Liberator is an arcade game released by Atari, Inc. in 1982. It is based on the Atari Force comic book series published by DC Comics from 1982 to 1986. Liberator has been described as the opposite of Missile Command, in that the player destroys cities from space instead of defending them from the ground. Only 762 arcade machines were ever made.

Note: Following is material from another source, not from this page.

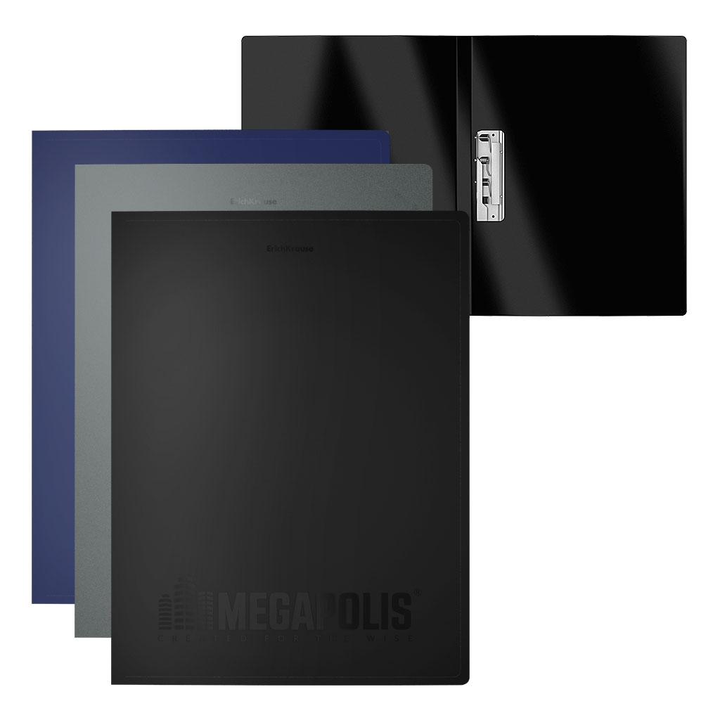 Папка с зажимом формата А4 из высококачественного пластика с текстурой поверхности "песок", на которой не видно отпечатков пальцев и мелких царапин. Предназначена для надежной фиксации и просмотра документов. Цвет папки – ассорти: черный, синий, серый. Механизм – боковой зажим; ширина корешка – 17 мм. Папка вмещает до 150 бумажных листов. Размер папки - 231х310х17, толщина обложки - 0.6мм. Код и баркод на каждой единице товара.

The story "Code Name: Liberator" describes the premise of the arcade game in detail and was included as a special insert in two comic books cover dated January 1983. Characters and concepts from the comic exist throughout the game. In the opening screen of the arcade game, Commander Champion of the "Atari Force" asks the player to help free the galaxy from the evil Malaglon Army.

Gameplay 

The Liberator controls consist of a trackball, fire button, and shield button. The player controls a coordinated attack from four star ships at the corners of the screen. The primary target of the attack are enemy bases on a rotating planet in the center of the screen. The trackball is used to move a cross-shaped cursor. The fire button fires a missile at the cursor's location from the closest ship. The shield button is used to activate force fields around the ships. The shield can only take four hits each round, and the count is shared between all ships.

At the beginning of each level, the player is flying through outer space and spaceships fly on screen from the left and right and leave in an arc. They try to ram into the player's ships. Shields do not work during this stage.

After this stage, the player is taken to a view of a rotating planet. The most prominent enemies are red flashing missile bases. They shoot missiles, fireballs, and star balls at the player's ships. The enemy bases can also detach from the planet, turn into satellites, and orbit the planet while shooting missiles. Once all missile bases are destroyed, the player moves on to the next level. At higher levels, there is the white master base. It is very intelligent, and it can change the direction or speed of the planet rotation to avoid getting hit. At the end of each stage, the player is awarded a bonus ship for every 20,000 points.

Missiles can be destroyed, although some split into four smaller particles when destroyed. Fireballs take four hits to destroy, but they slow down on each hit. Star balls also take four hits to destroy, but return to normal speed soon after being hit.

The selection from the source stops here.